D'où l'analyse de Lorenzo Trombetta : "Sur le plan intérieur, l'emprise d'Assad sur le pouvoir ne semble plus remise en question".

Au cours de l'année écoulée, Bachar al-Assad est resté silencieux sur les événements et les conséquences du 7 octobre. "Son approche est celle d'une diplomatie discrète, loin des projecteurs des médias, visant à atteindre des objectifs intérieurs à long terme", estime Lorenzo Trombetta.

Image : Khalil Hamra/AP Photo/picture alliance
  • L'Egypte

De tous les pays de la région, seule l'Égypte a trouvé un moyen de tirer parti de la crise pour renforcer son importance géopolitique. C'est en tout cas le point de vue de Timothy E. Kaldas, directeur adjoint de l'Institut Tahrir pour la politique du Moyen-Orient, basé à Washington.

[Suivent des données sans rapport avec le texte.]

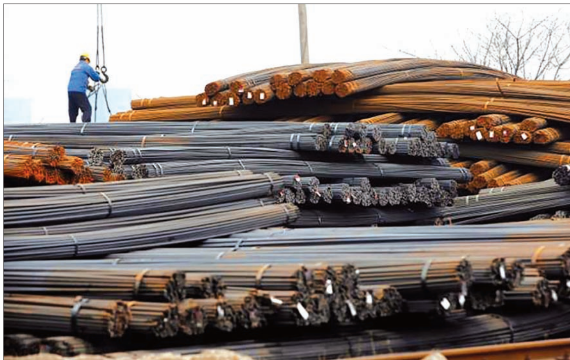
A labourer works at a steel market in Shanghai in 2013.

BEIJING — China's Ministry of Commerce said that claims it was dumping steel in Europe should be put to the World Trade Organisation (WTO), responding to reports that the European Commission (EC) was preparing to impose duties on imported Chinese steel.

Le président égyptien Abdel Fattah el-Sissi a coopéré avec Israël pour acheminer des marchandises à Gaza et aider à maintenir le siège.

En outre, le rôle central de l'Égypte dans les négociations sur le cessez-le-feu a rétabli l'importance de l'Égypte sur l'échiquier mondial.

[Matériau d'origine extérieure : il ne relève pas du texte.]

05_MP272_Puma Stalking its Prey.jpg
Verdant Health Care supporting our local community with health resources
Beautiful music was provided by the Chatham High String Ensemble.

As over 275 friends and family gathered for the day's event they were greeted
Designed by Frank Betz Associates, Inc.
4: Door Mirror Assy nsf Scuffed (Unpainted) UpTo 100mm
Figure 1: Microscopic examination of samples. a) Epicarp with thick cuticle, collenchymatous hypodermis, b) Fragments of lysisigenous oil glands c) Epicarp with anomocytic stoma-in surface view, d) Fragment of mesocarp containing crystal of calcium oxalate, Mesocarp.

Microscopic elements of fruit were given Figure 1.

"En retour, le Caire a gagné beaucoup de soutien supplémentaire de la part de Washington", note Timothy E. Kaldas. La Maison Blanche a en effet accordé à l'Égypte une aide militaire qui s'élève en tout à 1,16 milliard d'euros en 2024.

"C'est la première fois que l'administration Biden accorde le montant total", souligne Thimothy E. Kaldas, qui précise que, par le passé, Washington retenait au moins une partie de l'aide conditionnée aux droits de l'homme.

"Pourtant, en réalité, les résultats de l'Égypte sont nettement moins bons sur ce front", constate le chercheur.

Le président al-Sissi en tire aussi profit sur le plan intérieur : depuis le 7 octobre, les Égyptiens se concentrent moins sur la détérioration de l'économie égyptienne que sur les "horribles crimes de guerre commis par Israël contre les civils palestiniens vivant à Gaza" qui accaparent désormais leur attention, selon Timothy E. Kaldas.

Et le chercheur de conclure que dorénavant, les dirigeants égyptiens devront eux aussi se livrer à un numéro d'équilibriste pour conserver le soutien renouvelé de l'Occident.